(Material supplied Opens)
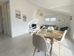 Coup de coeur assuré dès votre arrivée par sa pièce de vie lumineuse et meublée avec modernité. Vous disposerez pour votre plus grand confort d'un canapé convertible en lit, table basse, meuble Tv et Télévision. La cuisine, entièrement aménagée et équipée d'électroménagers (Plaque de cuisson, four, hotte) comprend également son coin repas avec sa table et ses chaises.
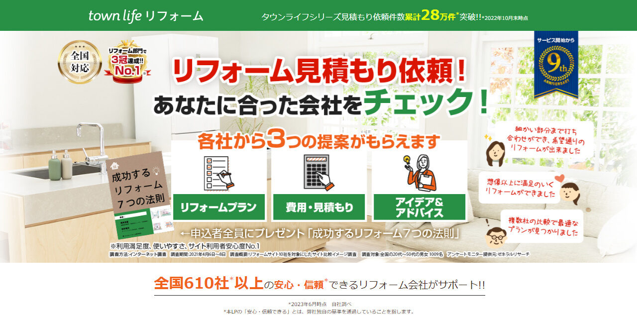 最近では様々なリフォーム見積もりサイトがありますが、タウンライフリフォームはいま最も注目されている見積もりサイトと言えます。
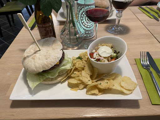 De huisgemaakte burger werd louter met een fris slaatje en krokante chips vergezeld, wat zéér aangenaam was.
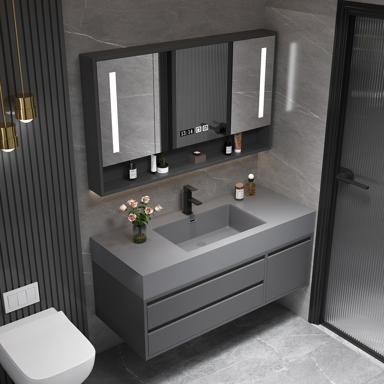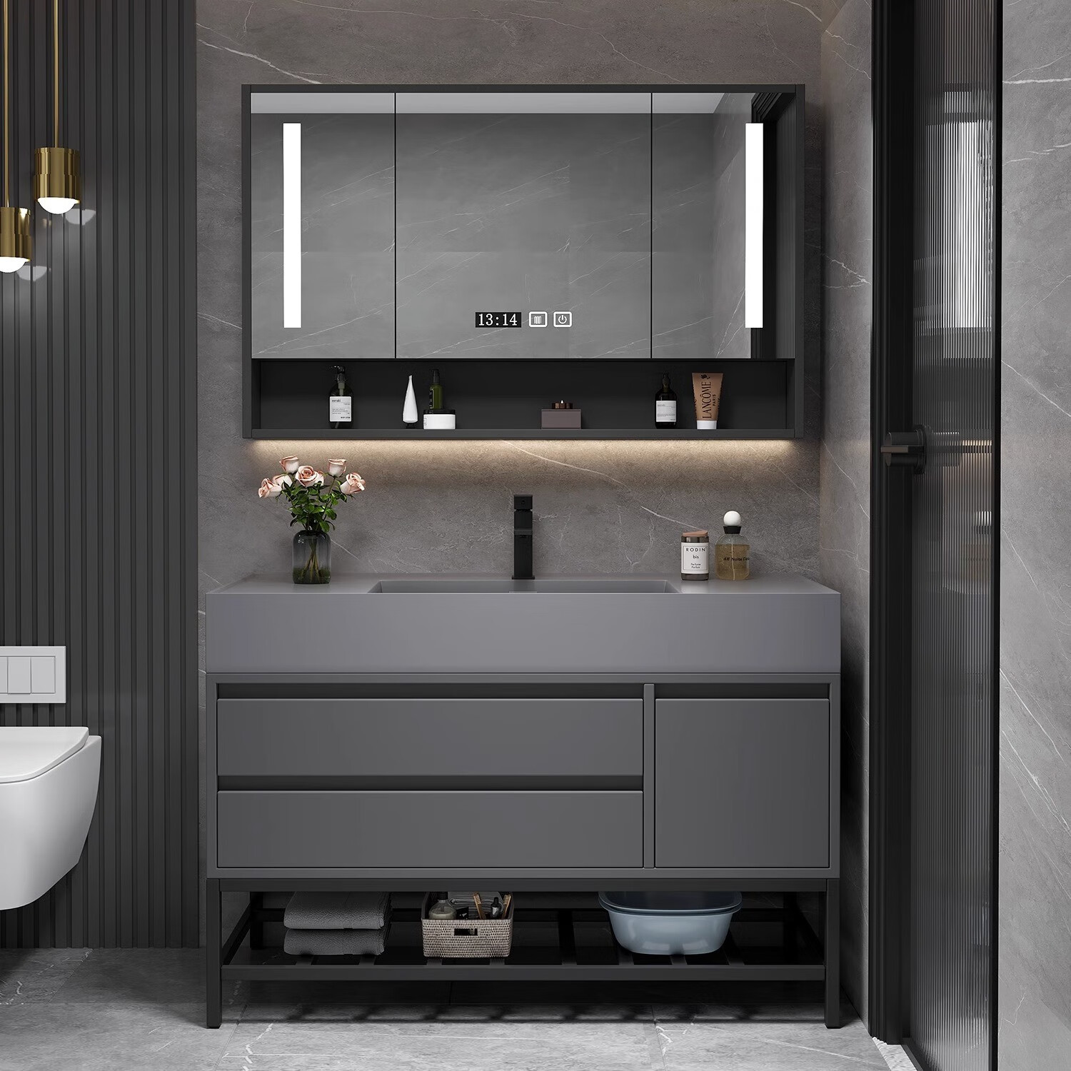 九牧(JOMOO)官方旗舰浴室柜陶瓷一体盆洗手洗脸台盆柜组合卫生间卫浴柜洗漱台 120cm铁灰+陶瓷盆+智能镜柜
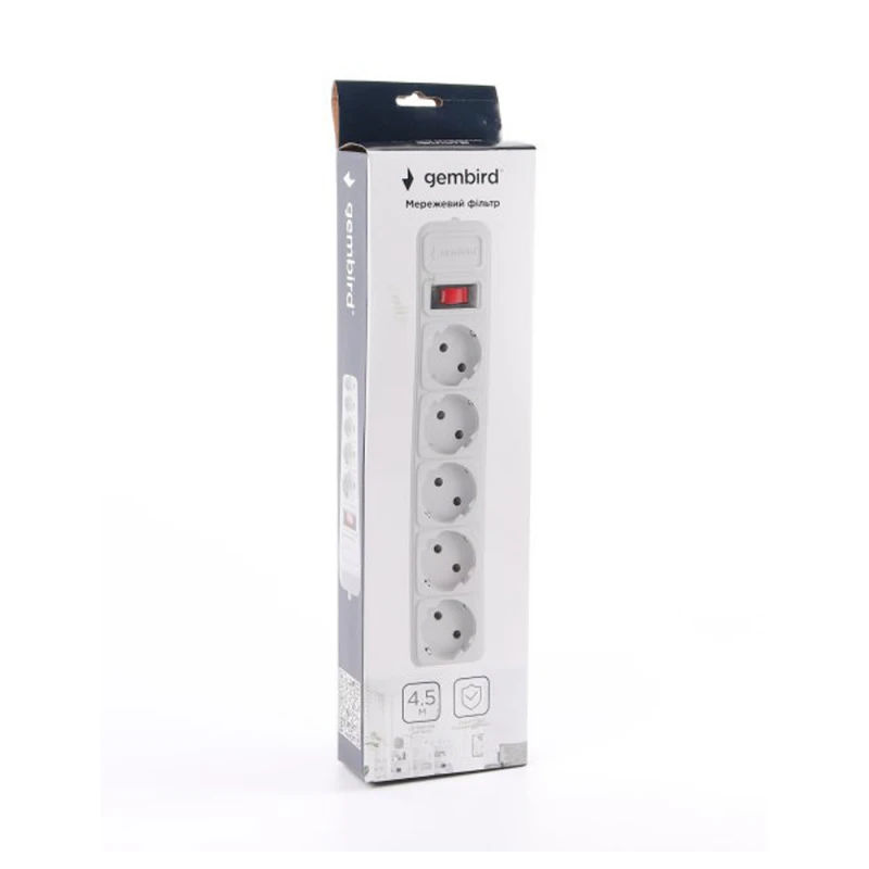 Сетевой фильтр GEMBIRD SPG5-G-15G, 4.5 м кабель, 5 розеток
(Material supplied Closes)
• [Task]: Please retype every entry above exactly, leaving out any picture.

• [Task response]:
 Coup de coeur assuré dès votre arrivée par sa pièce de vie lumineuse et meublée avec modernité. Vous disposerez pour votre plus grand confort d'un canapé convertible en lit, table basse, meuble Tv et Télévision. La cuisine, entièrement aménagée et équipée d'électroménagers (Plaque de cuisson, four, hotte) comprend également son coin repas avec sa table et ses chaises.
 最近では様々なリフォーム見積もりサイトがありますが、タウンライフリフォームはいま最も注目されている見積もりサイトと言えます。
 De huisgemaakte burger werd louter met een fris slaatje en krokante chips vergezeld, wat zéér aangenaam was.
 九牧(JOMOO)官方旗舰浴室柜陶瓷一体盆洗手洗脸台盆柜组合卫生间卫浴柜洗漱台 120cm铁灰+陶瓷盆+智能镜柜
 Сетевой фильтр GEMBIRD SPG5-G-15G, 4.5 м кабель, 5 розеток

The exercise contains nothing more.